It has been a terrible week for investors in tech. Since last Wednesday, Apple has lost $220 billion in value. Tesla has lost $199 billion, Microsoft $180 billion and Amazon $170 billion. Some of the smaller companies, at least compared to those giants, have done even worse. Netflix has lost more than 60 per cent of its value over the last year as subscriber numbers fall and it contemplates running adverts for the first time. Meanwhile the exercise bike manufacturer Peloton has seen its shares crash by 90 per cent over the last year, and fell heavily again this week. Overall, the tech heavy Nasdaq index is now down by 4,000 points, or 25 per cent, since the start of the year.

It would be easy to conclude that the tech boom is over. And yet it is more complex than that. In reality, there are two obvious explanations for why share prices have been under so much pressure. First, a lot of the froth that built up during lockdown is starting to get blown away. No one should be surprised that people don’t really need an over-priced, subscription, web-connected exercise bike when they could buy a much simpler one for far less. Or even, come to think of it, just go for a cycle ride around the park.
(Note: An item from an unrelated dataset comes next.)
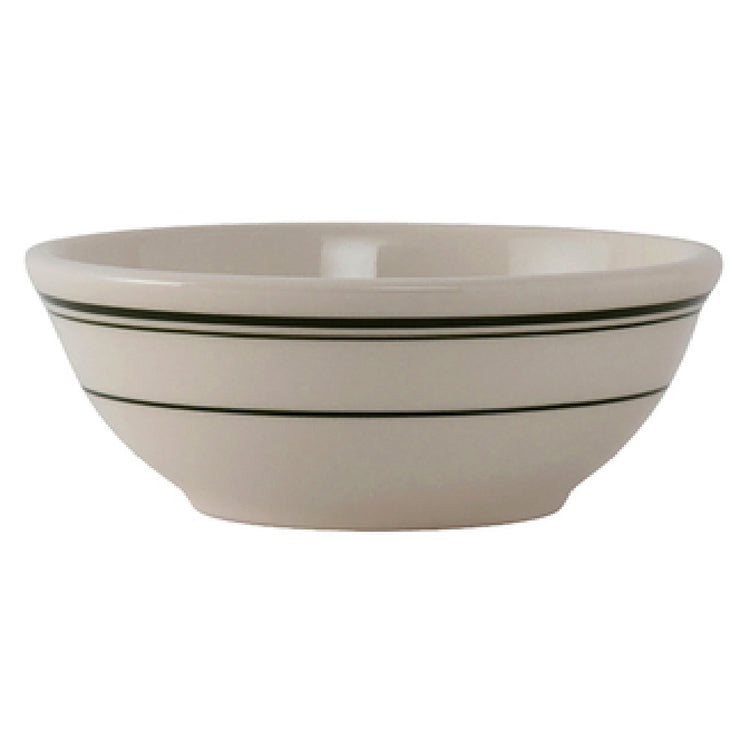 The Tuxton TGB-015 Nappie 13 Oz. 5-5/8" Dia. is a versatile piece of dinnerware that seamlessly combines functionality with style, making it an excellent choice for various segment markets within the food service industry. This round nappie boasts a capacity of 13 ounces and a diameter of 5-5/8", making it ideal for serving soups, cereals, and side dishes. Its wide rim and rolled edge design not only enhance its aesthetic appeal but also increase its durability, ensuring it can withstand the demands of a busy kitchen. Constructed from fully vitrified ceramic, this nappie is both microwave and dishwasher safe, providing convenience for fast-paced dining environments. Additionally, its oven proof nature expands its utility, allowing chefs to serve dishes that require reheating or direct-from-oven presentation. The lead-free composition prioritizes safety, making it a reliable choice for establishments focused on health standards. Featuring an American White/Eggshell finish with a Green Bay band, it offers a neutral yet elegant look that complements various table settings. Packed by three dozen per case, the Tuxton TGB-015 Nappie is an efficient and practical addition to any restaurant, catering service, or hospitality venue seeking durable and stylish dinnerware solutions.

Likewise, now that restrictions have been lifted it turns out that we don’t really want to spend the rest of our lives chatting on Zoom, watching Netflix, and ordering in Deliveroo meals. We’d rather get out of the house from time to time. Next, interest rates have finally started to rise from close to zero to more normal levels, and central banks have stopped printing vast quantities of money, which means there is less cash flooding into the market. The result? A few flimsy companies have collapsed, and some overvalued ones have started to be repriced once more.
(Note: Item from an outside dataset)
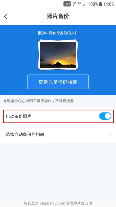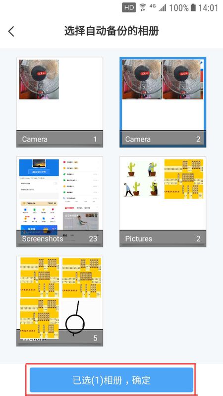 6、手机跳转到选择自动备份的相册页面,选择后单击下方的“确定”,百度网盘就能自动备份原图的照片了。

But that does not mean the tech boom is finished. In reality, while people are drifting back to the office, and the shops are open again, more and more of our lives are lived online than ever before. The tech bubble has corrected, and the main companies may see further modest falls in their value. But this remains the most exciting industry in the world, and the one with the strongest growth potential. The bloodbath will be over soon, and tech will start growing again - and within a few months that trillion of losses will have been easily recovered.

Written byMatthew Lynn

Matthew Lynn is a financial columnist and author of ‘Bust: Greece, The Euro and The Sovereign Debt Crisis’ and ‘The Long Depression: The Slump of 2008 to 2031’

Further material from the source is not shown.